Lucien se quedó paralizado en el momento que vio al Anciano Lance sacar el frasco con el líquido púrpura.

Inmediatamente supo lo que era, acónito.

El acónito era quizás la hierba más temida y también la más codiciada en el mundo. Mientras que era un veneno potente para los lobos, también podía procesarse en un amplificador aún más potente.

Cuando se transformaba en forma de amplificador, destrozaba el cuerpo y lo reconstruía con tal fuerza y ferocidad que la mayoría de los lobos morían solo por el dolor.

Si ese fuera el único problema del acónito, muchas manadas lo habrían usado. Pero había un efecto secundario aún más grave al usarlo, uno que lo convertía en el último recurso para cualquier lobo.

Cualquiera que lo usara nunca podría volver a cambiar una vez que terminara la transformación.

En esencia, te daba un par de minutos de poder puro sin filtrar, y luego, perderías a tu lobo.

Esta vez, cuando la forma amplificada del anciano comenzó a abalanzarse hacia él, Lucien se lanzó hacia adelante con la máxima seriedad. Pero ya era demasiado tarde.

Incluso mientras corría, los gritos de Lance desgarraban el aire. Sus venas se hincharon, mostrándose por todo su cuerpo mientras lentamente comenzaban a volverse púrpuras. Su cuerpo se contorsionó, convulsionó mientras sus músculos tenían espasmos. Pelo blanco brotó por su piel, y sus huesos se reordenaron hasta que ya no era algo grotesco.

Cuando la transformación terminó – Lance ya no era un lobo.

Era algo diferente ahora, algo primitivo, algo cuyo único parecido con un lobo era que caminaba sobre cuatro patas.

Entonces los ojos del anciano se abrieron y en ese mismo momento, Lucien lo alcanzó.

Apenas tuvo tiempo de prepararse antes de que el Anciano se abalanzara con mucha más velocidad de la que había sido capaz momentos atrás.

Lucien esquivó, bueno, lo intentó.

No fue lo suficientemente rápido.

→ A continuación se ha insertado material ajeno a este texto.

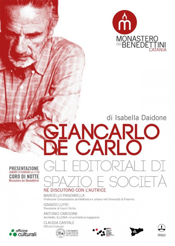 Venerdì 16 febbraio alle 17:30, nel Coro di notte del Monastero dei Benedettini, Officine Culturali, in collaborazione con il dipartimento di Scienze umanistiche e con l’Ordine degli Architetti di Palermo, Inarch Sicilia ed Ellenia+ 3, discuteranno dell’architetto Giancarlo De Carlo a partire dal libro di Isabella Daidone “Giancarlo De Carlo. Gli editoriali di Spazio e Società” (Gangemi editore).
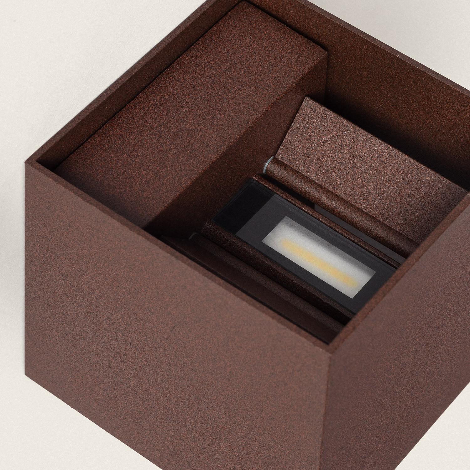 Cette applique murale extérieure LED en aluminium finition rouille séduit par son design cubique compact et son éclairage double face up and down, idéal pour souligner une façade ou une entrée. Sa lumière CCT sélectionnable permet d’adapter l’ambiance, avec une protection IP65 pensée pour un usage extérieur durable.
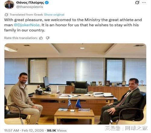 周四,希臘移民與庇護(hù)部長(zhǎng)Thanos Plevris在X(原Twitter)上發(fā)文稱,德約科維奇“希望與家人留在我們國(guó)家”,并分享了自己與這位塞爾維亞球星合影的照片,“我們非常高興在部里歡迎這位偉大的運(yùn)動(dòng)員和杰出的人,他希望與家人留在我們國(guó)家,這對(duì)我們來(lái)說(shuō)是一種榮幸?!?/p>
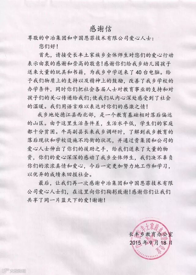 情系德江,捐物留香。中冶集团和中国恩菲的善举让德江人民感动不已,德江县人民政府特地发来感谢信,以表达对集团和公司对德江县教育事业鼎力相助、对德江人民怀有深切情谊的诚挚谢意。
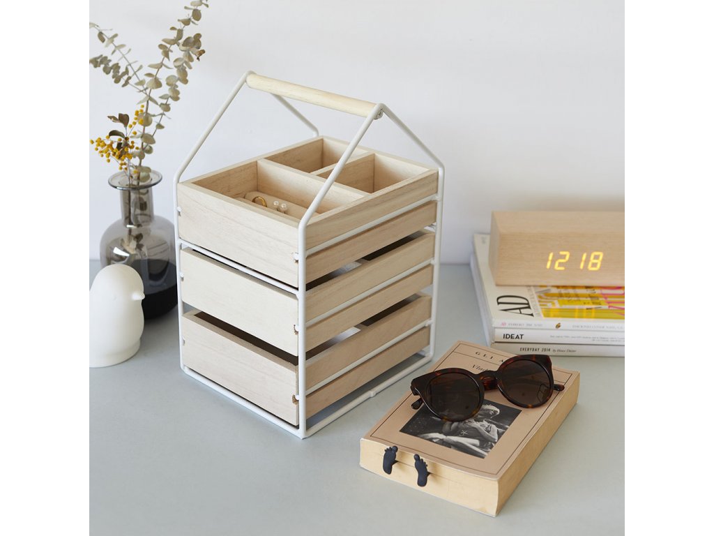 Univerzální organizér BALVI Wood na všechny druhy šperku - prstýnky, náušnice, řetízky, náhrdelníky. Vše ve třech zásuvkách ze světlého dřeva. Vnitřky zásuvek vystlané sametem. Velikost: 30 x 19,5 x 17 cm.
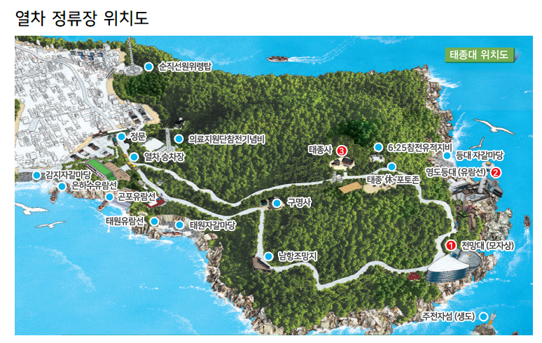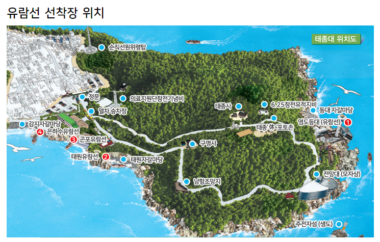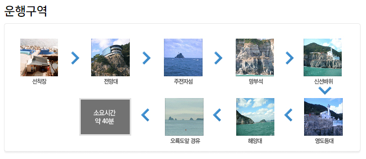 선착장 > 전망대 > 주전자섬 > 망부석 > 신선바위 > 영도등대 > 해양대 > 오륙도 앞 경유 > 소요시간 약 40분

Las garras de Lance lo cortaron profundamente, la fuerza del golpe envió a Lucien hacia atrás, destrozando el patio con el impacto.

A estas alturas, el patio estaba vacío. No había lobos aquí aparte de Lucien, Aria y Orion. Todos los demás lobos habían huido hace tiempo, ni siquiera podían permitirse esconderse en las sombras. Solo los fragmentos de los escombros eran suficientes para matar a la mayoría de ellos.

Lucien gruñó, ahogó un grito y en el momento en que se estrelló, rodó, evitando por poco una garra grande que le habría arrancado la cabeza.

—¡Lucien! —la voz de Aria atravesó la rabia, estaba llena de furia y miedo.

Intentó correr hacia su compañero, para ayudarlo.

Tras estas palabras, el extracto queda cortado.